------ INFORMATION SHOWN ------
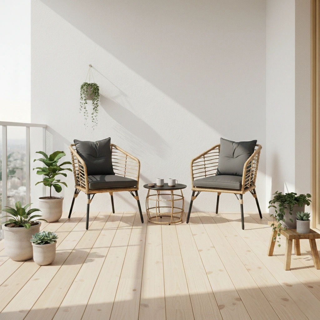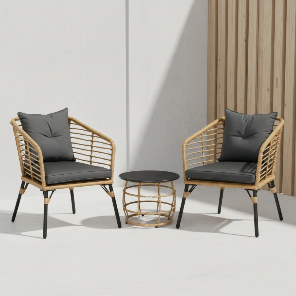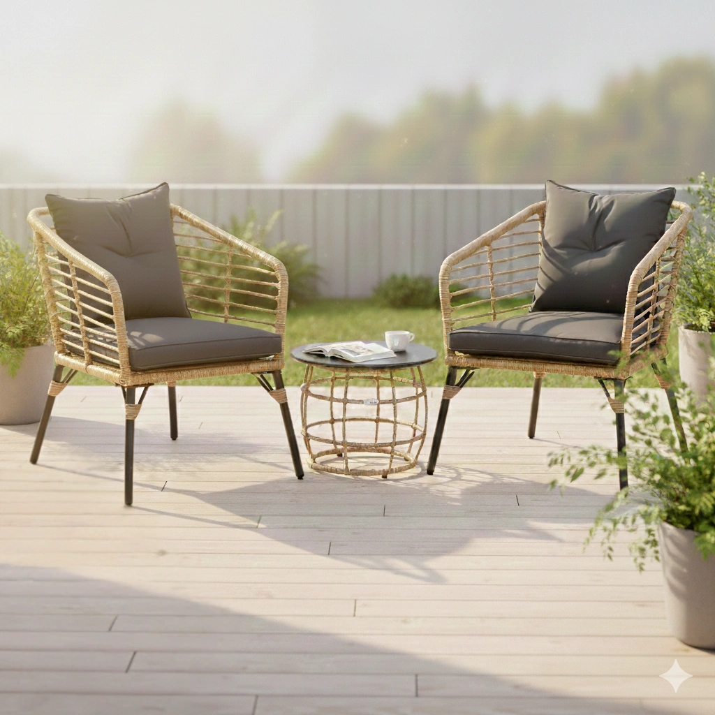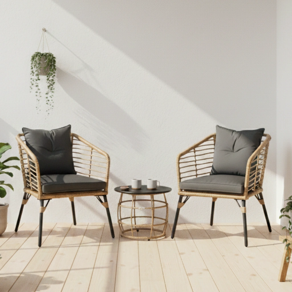 Njut av lugna eftermiddagar utomhus med detta stilrena bistroset. Setet består av två bekväma fåtöljer och ett matchande bord – perfekt för avkoppling, en kopp kaffe eller en stunds samtal med någon du tycker om.
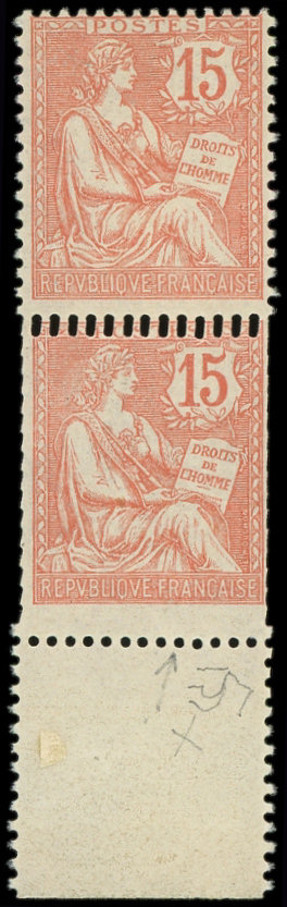 Retouché, 15c. vermillon, PAIRE verticale bdf, un ex. DOUBLE piquage, TB (Image)
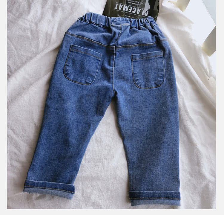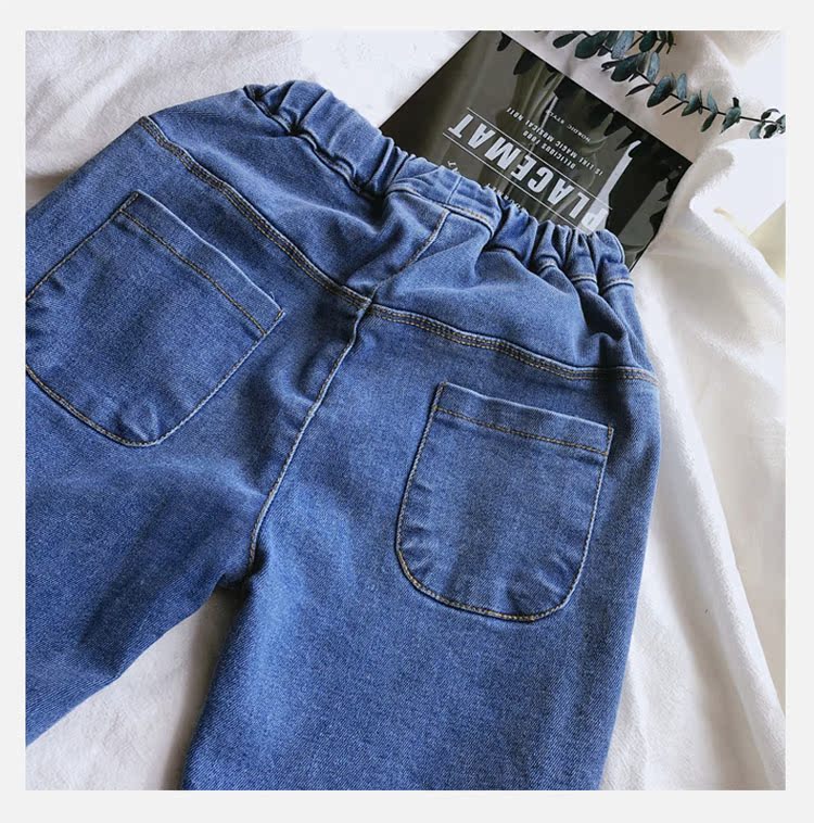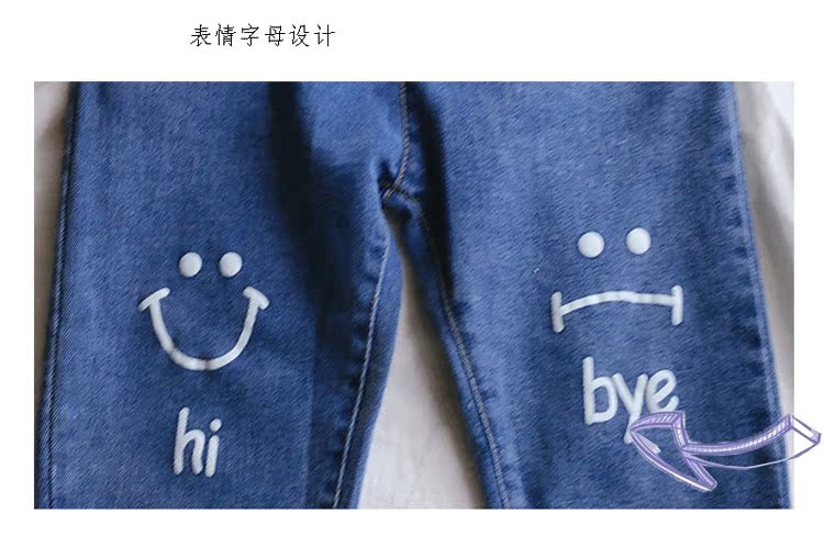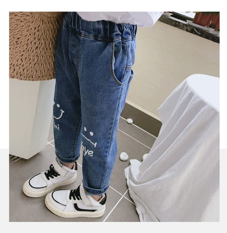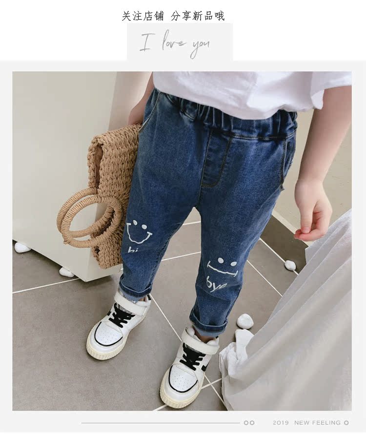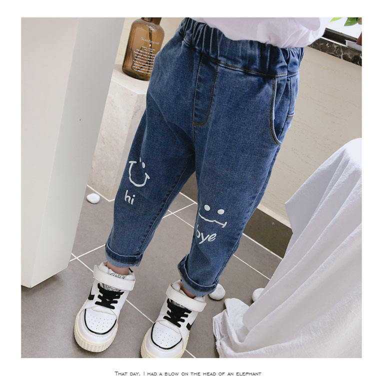 2019春秋季新款 男女童寶寶牛仔褲 可愛甜美卡通字母印花長褲子1入
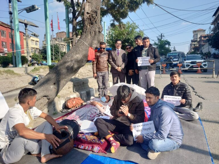 काठमाडौं, १ मंसिर । जेन-जी आन्दोलनमा घाइते भएका यादव सिंहको जीवन रक्षाको माग गर्दै युवाहरुले माइतीघरमा धर्ना दिएका छन् । काठमाडौंको माइतीघरमा घाईते सिंहसहित उनीहरु धर्नामा बसेका हुन् । उनीहरुले आफूहरुको माग पूरा गर्नुपर्ने भनेका छन् । धर्ना कार्यक्रममा ऐक्यबद्धता जनाउनको लागि प्राइम टिभीका अध्यक्ष तथा रिपोर्टर्स क्लब नेपालका सभापति ऋषि धमला धर्नास्थल पुगेका थिए ।
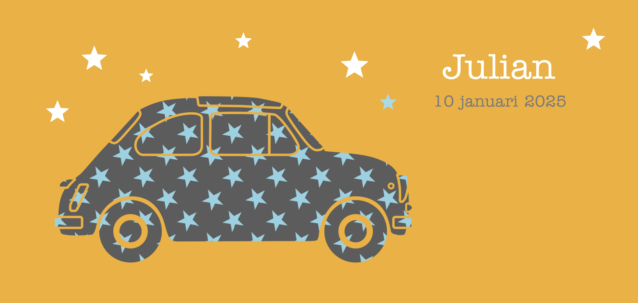 Stoere geboortekaart voor je zoontje met een fiat oldtimer met sterrentjes op een okergele achtergrond. Liever een andere achtergrondkleur? Pas het eenvoudig zelf aan in de online editor!
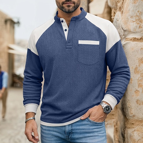 Per uomo Maglietta Waffle Maglietta Manica Lunga Henley Autunno Autunno Inverno Tutte le stagioni Tinta unica Testurizzato Tradizionale / Vintage Casual Patchwork Casuale Casa All'aperto Blu chiaro
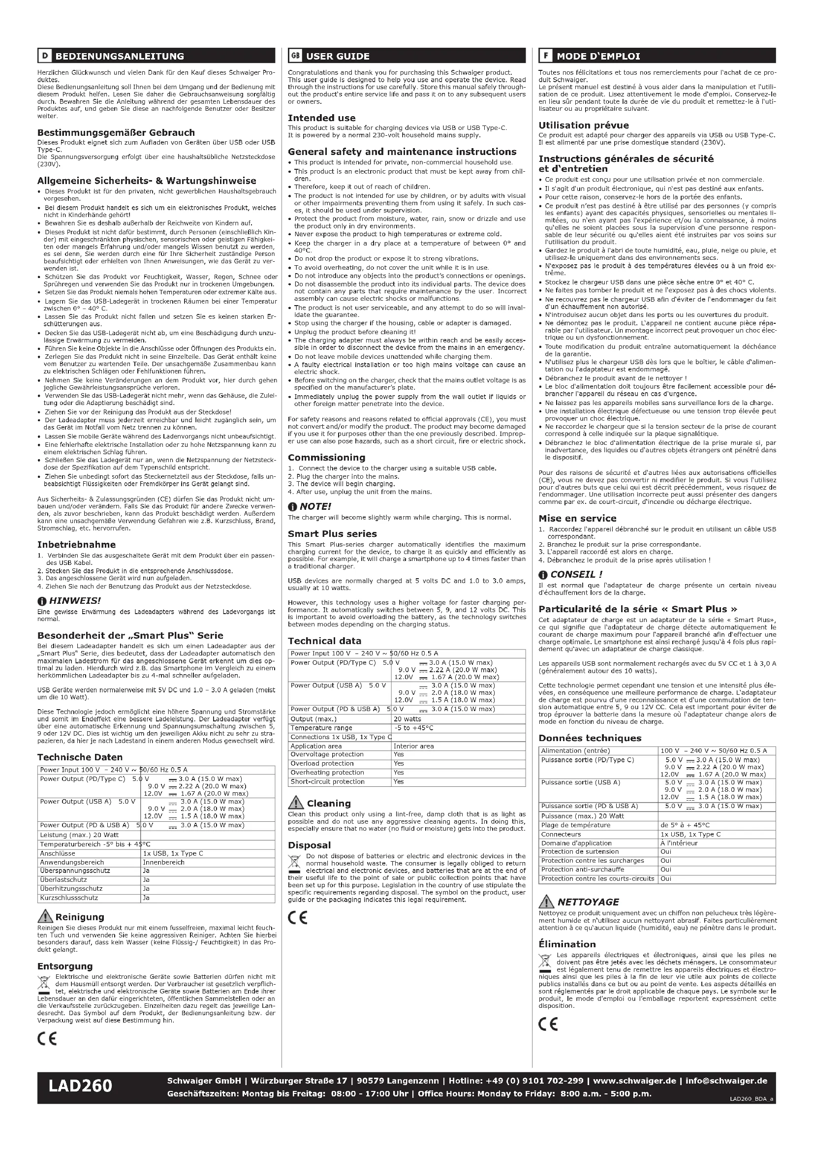 Puissance (max.) 20 Watt Plage de température de 5° à + 45°C Connecteurs 1x USB, 1x Type C Domaine d'application À l'intérieur Protection de surtension Oui Protection contre les surcharges Oui Protection anti-surchauffe Oui Protection contre les courts-circuits Oui NETTOYAGE Nettoyez ce produit uniquement avec un chiffon non pelucheux très légère- ment humide et n‘utilisez aucun nettoyant abrasif. Faites particulièrement attention à ce qu‘aucun liquide (humidité, eau) ne pénètre dans le produit. Élimination Les appareils électriques et électroniques, ainsi que les piles ne doivent pas être jetés avec les déchets ménagers. Le consommateur est légalement tenu de remettre les appareils électriques et électro- niques ainsi que les piles à la fin de leur vie utile aux points de collecte publics installés dans ce but ou au point de vente. Les aspects détaillés en sont réglementés par le droit applicable de chaque pays. Le symbole sur le produit, le mode d’emploi ou l’emballage reportent expressément cette disposition. Congratulations and thank you for purchasing this Schwaiger product. This user guide is designed to help you use and operate the device. Read through the instructions for use carefully. Store this manual safely through- out the product‘s entire service life and pass it on to any subsequent users or owners. Intended use This product is suitable for charging devices via USB or USB Type-C. It is powered by a normal 230-volt household mains supply. General safety and maintenance instructions
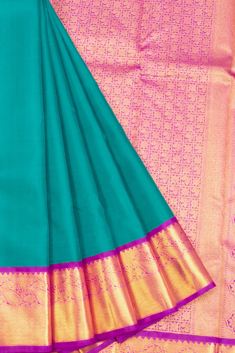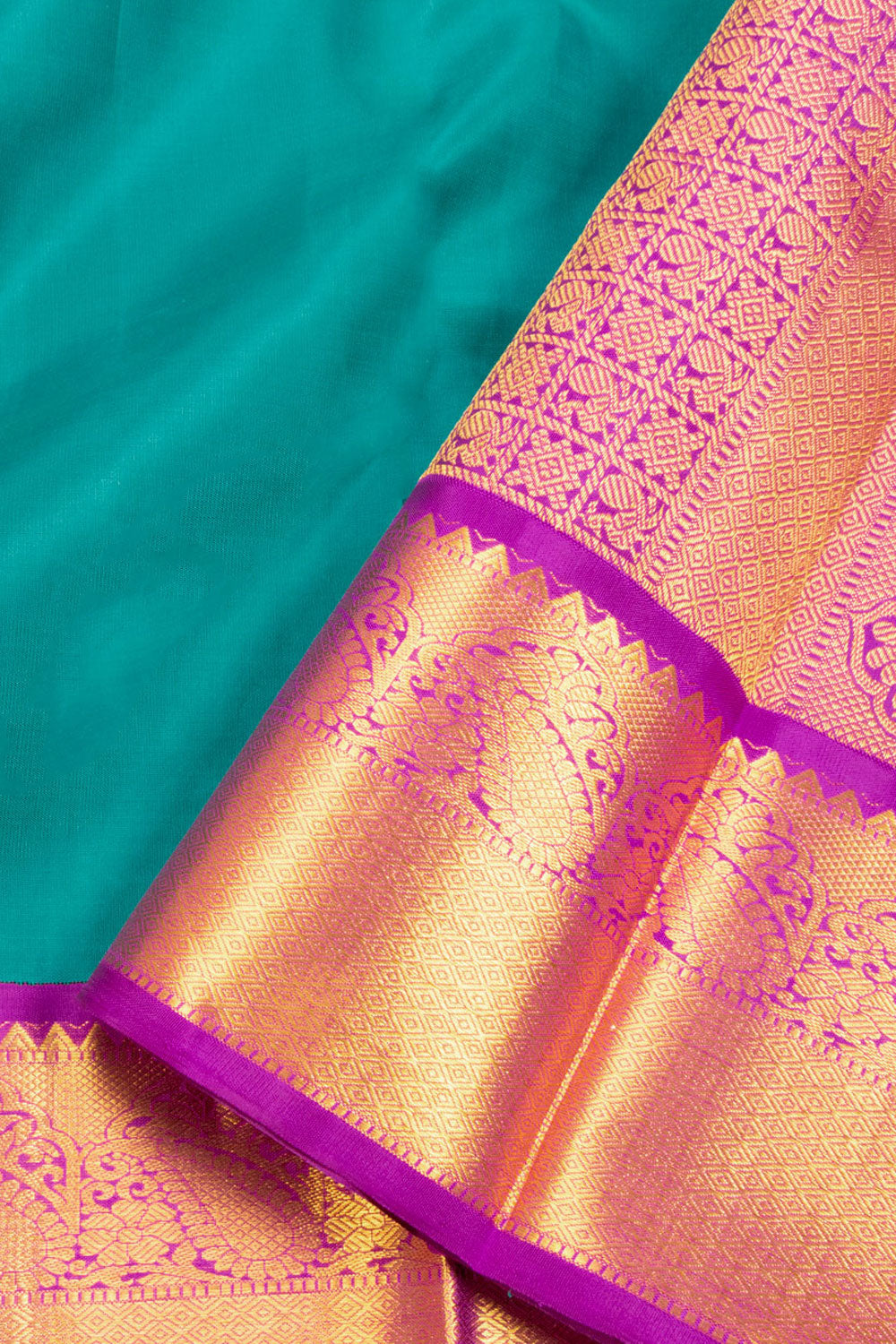 Discover the elegance of the Turquoise Green Nakashi Kanjivaram Silk Saree. Featuring intricate Nakashi embroidery on luxurious silk, this saree combines vibrant turquoise green with exquisite craftsmanship. Its rich texture an...
------
YOUR ASSIGNMENT:
Without the pictures, copy the entries from their first line through the line containing "Stoere geboortekaart voor", and only those lines.

RESULT OF THE EXERCISE:
 Njut av lugna eftermiddagar utomhus med detta stilrena bistroset. Setet består av två bekväma fåtöljer och ett matchande bord – perfekt för avkoppling, en kopp kaffe eller en stunds samtal med någon du tycker om.
 Retouché, 15c. vermillon, PAIRE verticale bdf, un ex. DOUBLE piquage, TB (Image)
 2019春秋季新款 男女童寶寶牛仔褲 可愛甜美卡通字母印花長褲子1入
 काठमाडौं, १ मंसिर । जेन-जी आन्दोलनमा घाइते भएका यादव सिंहको जीवन रक्षाको माग गर्दै युवाहरुले माइतीघरमा धर्ना दिएका छन् । काठमाडौंको माइतीघरमा घाईते सिंहसहित उनीहरु धर्नामा बसेका हुन् । उनीहरुले आफूहरुको माग पूरा गर्नुपर्ने भनेका छन् । धर्ना कार्यक्रममा ऐक्यबद्धता जनाउनको लागि प्राइम टिभीका अध्यक्ष तथा रिपोर्टर्स क्लब नेपालका सभापति ऋषि धमला धर्नास्थल पुगेका थिए ।
 Stoere geboortekaart voor je zoontje met een fiat oldtimer met sterrentjes op een okergele achtergrond. Liever een andere achtergrondkleur? Pas het eenvoudig zelf aan in de online editor!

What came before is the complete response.